堅実女子ニュース&まとめ 感染拡大の中、リモート勤務をかたくなに拒否する老舗会社に我慢の限界〜その2〜

島津明子さん(36歳・仮名)はとあるIT系の老舗企業でプログラマーとして働いています。仕事の面では不満がなかったものの、新型コロナ蔓延に対する会社の意識の低さにはガッカリ。頑なにリモートへ切り替えず、緊急事態宣言中も週5日出社を強いられたのです。それまでのお話はこちら。
~その1~

いつもと変わらぬ生活を続けていところ、とうとう他部署では濃厚接触者が出てしまいます。

社長の方針についていけず、退職者続出

「あまり大きな企業ではないので、座席数は100人ちょっと。それでも今まで感染者や、濃厚接触者が出なかったのは奇跡に近いような気もします」

家庭があっても在宅勤務を認めなかった企業ですが、濃厚接触者となれば話は別です。一体どんな対応をしてのでしょうか?

「出勤させるわけにはいかないので、そのチームだけは1週間出社停止となりました。けど、1週間ですよ?さすがにPCR検査は受けさせていましたけど、陰性が発覚次第すぐ出て来いって感じで……。なぜそこまでしてリモートにしないのか甚だ疑問でした。他部署と言えどフロアは一緒ですし、私自身も感染が心配で心配で。濃厚接触者が出た直後、危険を回避するためにわざわざ有給を使って休んだ社員さえいるくらいです。

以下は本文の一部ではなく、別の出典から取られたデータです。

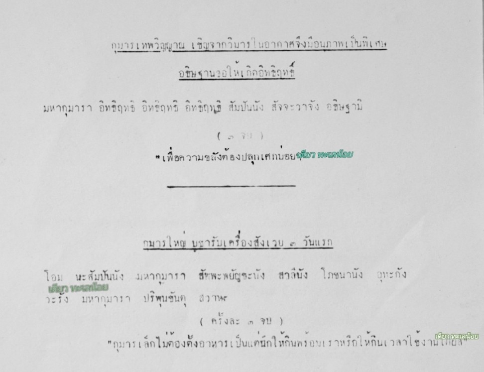 [ รายละเอียด ] กมารเทพวิญญาณ เชิญจากวิมารในอากาศจึงมีอนุภาพเป็นพิเศษ กุมารเทพวิณญานอ.ชุม ไชยคีรี เป็นเทพกุมารชั้นสูงไม่มีส่วนผสมของวัสดุอาถรรพ์ใดๆ แต่จะใช้ตะกรุดเทพดวงวิญญาณ ฝังเข้าไปที่ใต้ฐานของรูปกุมารเทพ เพื่ออัญเชิญเทพวิญญาณเข้าสถิตในตัวกุมารในแต่ละตน เป็นดวงวิญญานของเทพที่เป็นเด็กมีอายุไม่เกิน9ปีจากวิมารในอากาศที่ ที่อยุ่บรรดาของเทพที่มีอิทธิฤทธิ์มากเป็นมหากุมารเทพที่จะมีฤทธิ์และมีอนุภาพมากกว่าบรรดากุมารทั้งปวง กุมารขนาดบูชานี้ทำด้วยเนื้อเนซิ่นผสมผงเป็นรูปเด็กผมจุกยืนท้าวสะเอวทรงเครื่อง อ.ชุมได้สร้างตามตำราโบราณเป็นตำราของพระฤาษีผู้ทรงฤทธิ์ วิชานี้เป็นวิชาที่หาคนสำเร็จได้ยากมากๆเพราะต้องใช้จิตชั้นสูงถึงจะสื่อกับดวงจิตของเทพบนวิมาณได้ จะต้องอัญเชิญทีละตน ที่ลงตะกรุดเทพวิณญานไว้ที่ฐานฐานตัวไหนก็ตัวนั้นเป็นกุมารเทพใช้จิตแยกในแต่แต่ละตน เพราะฉนั้นกุมารเทพในลักษณะนี้จึงหาผู้สร้างได้ค่อนข้างยากมาก กุมารใหญ่ บูชารับเครื่องสังเวย ๓ วันแรก "กุมารเล็กไม่ต้องตั้งอาหารเป็นแต่นึกให้กินพร้อมเราหรือให้กินเวลาใช้งานได้ผล" อธิษฐานขอให้เกิดอิทธิฤทธิ์ มหากุมารา อิทธิฤทธิ อิทธิฤทธิ อิทธิฤทธิ สัมปันนัง สัจจะวาจัง อธิษฐามิ (3 จบ) บูชารับเครื่องสังเวย โอม นะสัมปันนัง มหากุมารา สัพพะพยัญชะนัง สาลีนัง โภชนานัง อุทะกัง วะรัง มหากุมารา ปริพุนชันตุ สวาหะ (3 จบ)"เพื่อความขลังต้องปลุกเศกบ่อยๆ" วิเศษนัก กุมารเทพอ.ชุม ไชยคีรี เนื้อเรซิ่นมีหลายสีครับ ปัจจุบันมีของเลียนแบบต้องดูและศึกษาให้ดีๆครับของที่ทันยุคอ.ชุมนั้นหาได้ยากปัจุบัน องค์นี้ทรงเครื่องชุดสีฟ้าสภาพเก่าหิ้งๆเดิมๆ

この会社ってどこかおかしいんです。出社はかたくなにさせるくせに、ウォーターサーバーやハンドタオルの停止はかなり早い段階でやっていましたから。それなのになぜ在宅勤務はダメなのか、意味が分からなかったです。ただ電気代をケチりたいだけなのかと思ってしまいました」

話を聞けば聞くほど仰天エピソードの数々。新型コロナウイルスに対する意識は人によって違えど、社員を守るといった概念があまり感じられなかったのでしょうか、退職者も徐々に出始めていたそう。

「ブラック企業ではないですし、仕事内容としては何も問題がありません。けれど会社としての在り方は……。社長の方針についていけず、コロナ禍での退職がチラホラ目立ってきたんです。長年在籍していた人でさえ辞めていきました。緊急事態宣言解除後は一時的な人手不足もあり、新型コロナへの不安も大きく、もう頭がおかしくなりそうでした」

人手不足が目立てばチーム内の仕事も回りません。明子さんは派遣扱いなので残業を多くされることはなかったのですが、この時期に関しては別だったとのこと。

「契約内容で拘束時間やらがキッチリ決まってるので、派遣はたくさん残業をさせられないんです。けど退職が目立った時期は仕事が終わらないから、プロダクション側に交渉され、残業に明け暮れていました。

社内に缶詰めになっているだけでもストレスなのに、それに加えてコロナ禍ですからね。毎日満員電車に揺られ、缶詰めになり、残業まで……。お給料は増えたけど、遠出もできないなら使う場所がありません。もう精神的に限界でした。今思えば普通に残業を断れば良かったと後悔しています。疲れすぎて判断力が鈍ってしまっていたんです。